Currency hedging are covered in two readings in different terminologies (one in SS10 and one in SS15).
Under SS10:
Unhedged return: LMR + LCR
Hedged return: LMR + (Rd - Rf) => LMR + (F-S0)/S0
Under SS15:
Unhedged return: Rd,u
Hedged return: Rd,u + %change in future price => Rd,u + (F0-Ft)/S0
Is my understanding correct? Please someone validate this and correct me if I’m wrong…Thanks!
SS10 is looking at total returns of foreign bonds translated back to a domestic investor.
Unhedged return would be
(1+RL)(1+Cr) -1. I think your answer would suffice.
Hedged return:
HR = RL + Forward Premium/discount ==> Forward Premium/discount = (F0-S0)/S0 or ~ (iD - iF) which is the interest differential between the domestic and foreign interest rates.

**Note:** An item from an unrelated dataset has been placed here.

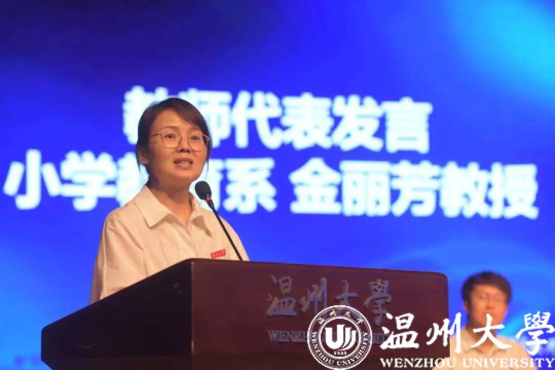 院教师代表、小学教育系教授金丽芳致辞。金教授对所有新生的到来表示热烈欢迎。她强调,选择了教育,意味着更大的责任与担当,家长、学校、社会将寄予更高期望。金教授对大家提出了三点建议:一是要树立目标,明确方向。有梦想但不止梦想,要求有坚持不懈的努力;二是要求知若渴,掌握知识。知识是世界的边界,知识到哪里,世界就到哪里;三是要脚踏实地,向阳而生。勤勉且奋斗,守纪且自律,拼搏且超越。最后,金教授表示,教院全体教师都将为教院学子保驾护航,祝愿同学们开启新篇章,精彩且收获。

Rearrange the equation and you get…
HR = iD + (Rl - iF) or…
Domestic Risk-Free rate + local bond’s risk premium. It allows us to compare hedged yields from any foreign market.
Study session15
HR = Rd,u + %chng in future
HR = Rd,u - (Ft-F0)/S0. => We’re long the unhedged, and SHORT the future.
Good answer, this confused me at one point as well.